Code example to achieve the following tasks

This post relates to the data we collected from webscraping (see post webscraping of 8th May)

Task 1: Write a python script that will create clean copies of text from each issue of the “Dispatch” that you scraped before (make sure to keep the originals intact!).

import re
import os
newPathToFolder = "~/Documents/Dh_Tools/lesson7/4th/modified/"
pathToFolder = "~/Documents/Dh_Tools/lesson7/4th/"
listOfFiles = os.listdir(pathToFolder)

# ceates a for loop to open each file of a folder
for f in listOfFiles:
  with open(pathToFolder+f, "r", encoding="utf8") as f1:
     data = f1.read()
     # removes all the xml markup from each file and stores it in a variable
     text = re.sub("<[^<]+>","", data)
     # creates a new file with modified.txt extention
     newfile = pathToFolder+f + "_modified.txt"
     # opens each files and writes the content stored in text
     with open(newfile, "w", encoding="utf8") as f9:
         f9.write(text)

Result:

Except for setting a new target folder everything worked fine.

files0

Task 2: Write a python script that will create clean copies of articles (!) from all issues of the “Dispatch”. (again, make sure to keep the originals intact!).

from bs4 import BeautifulSoup
import re
import os
newPathToFolder = "~/Documents/Dh_Tools/lesson8/articles_true/"
pathToFolder = "~/Documents/Dh_Tools/lesson7/4th/"
listOfFiles = os.listdir(pathToFolder)

# for loop that opens all files of a defined folder and stores it with BeautifulSoup in variable soup
for f in listOfFiles:
    soup = BeautifulSoup (open(pathToFolder+f, "r", encoding="utf8"), features="html.parser")
    # searches for list items of "date" and return maximum two elemens
    issue_date = soup.find_all(["date"], limit=2)
    # the next three searches simply clean out the result into month, day and year
    issue_date = re.sub("<[^<]+>", "", str(issue_date))
    issue_date = re.sub("\s,\s", "", str(issue_date))
    issue_date = re.sub("\s", "-", str(issue_date))
    issue_date = re.sub(",", "", str(issue_date))
    # searches for all tags with type="article" and stores it in variable "articles"
    articles = soup.find_all(type="article")
    # for loop to count each articles with "a"
    # automatically seperates all articles in "item"
    for a, item in enumerate(articles):
        # assiging the counter to a variable
        counter = a
        # cleaning all articles of xml tags
        article = re.sub("<[^<]+>", "", str(item))
        # creates a new file in a target folder with name + article counter + name + issue_date + txt file
        newfile = newPathToFolder +  "dispatch_" + str(issue_date) + "_article_no_" + str(counter) + ".txt"
        # opens the newfile and writes each article into a sperate file
        with open(newfile, "w", encoding="utf8") as f9:
            f9.write(article)

Result:

This is the closest I got so far.
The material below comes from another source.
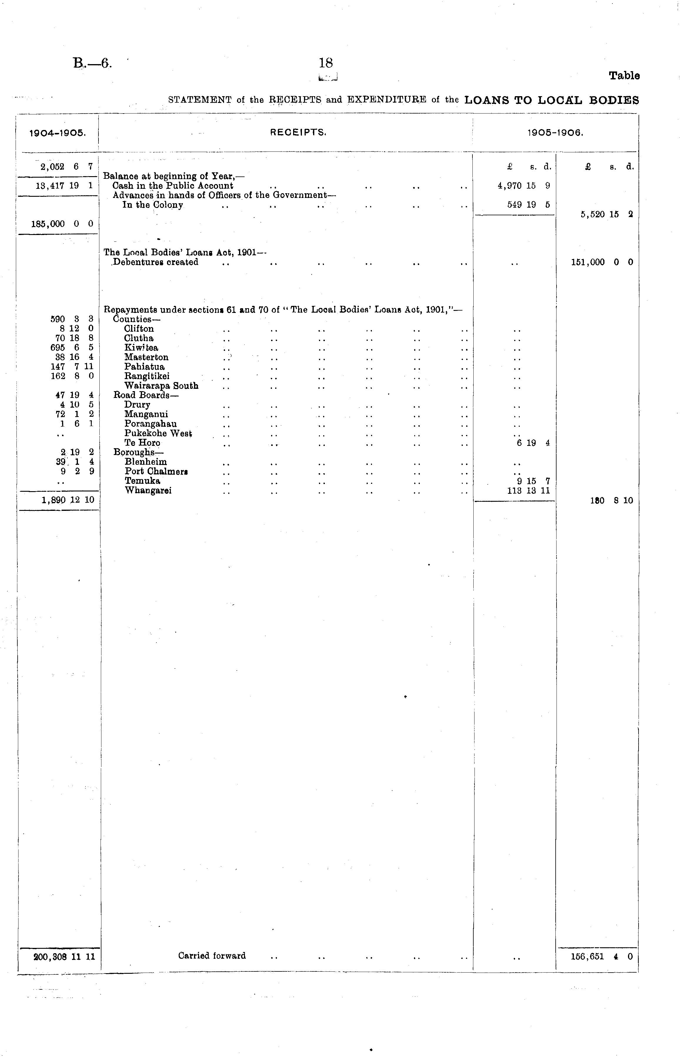 1904-1905. RECEIPTS. 1905 1906. 2,052 6 7 Balanoe at beginning of Year, — Cash in the Public Account Advances in hands of Officers of the Government— In the Colony .. .. £ s. d. £ s. d. 13,417 19 1 4,970 15 9 549 19 5 5,520 15 2 185,000 0 0 The Local Bodies' Loans Aot, 1901— Debentures oreated 151,000 0 0 590 3 3 8 12 0 70 18 8 695 6 5 38 16 4 147 7 11 162 8 0 47 19 4 4 10 5 72 1 2 1 6 1 Repayments under section* 61 and 70 of " The Looal Bodies' Loans Aot, 1901," — Counties— Clifton Clutha Kiwi tea Masterton ..' Pahiatua Rangitikei Wairarapa South .. .. .. .. Road Boards— Drury .. .. .. .. Manganui .. .. .. Porangahau Pukekohe West .. .. .. Te Horo Boroughs— Blenheim Port Chalmeri Temuka Whangarei 2 19 2 39. 1 4 9 2 9 6 19 4 9 15 7 113 13 11 1,890 12 10 180 8 10 * Carried forward 200,308 11 11 156,651 4 0
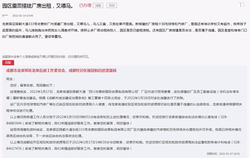 人民網成都2月26日電 (彭茜、趙祖樂)“龍泉驛區驛都大道333號非意歐廠內搭建廠房出租,又喂馬兒。我帶孩子逛里面的超市,馬兒掙脫跑出來把我女兒嚇到了?!苯?,一位四川成都的市民在人民網領導留言板留言稱,其所在園區的非意歐廠區內搭建廠房出租…

However, it seems that the search for “div3” does not find all articles. Finding issue dates and creating a counter seems to work fine however. The XML markup is removed nicely.

Updated version:

Since “div3” also returns empty files I am using “type=”article” as search criteria. The file ouput is much smaller and only 71,177 instead of 342,810. All files have text inside but I am still not 100% if each file represents one specific article. I also changed the date format a little bit.

  • old search: articles = soup.find_all(“div3”)
  • new search: articles = soup.find_all(type=”article”)

Updated version 2:

This final code example is now adapted to get the date much easier as well as accesses now div3 with type=article in one line of code. The result however stays the same as per output files like the previous update.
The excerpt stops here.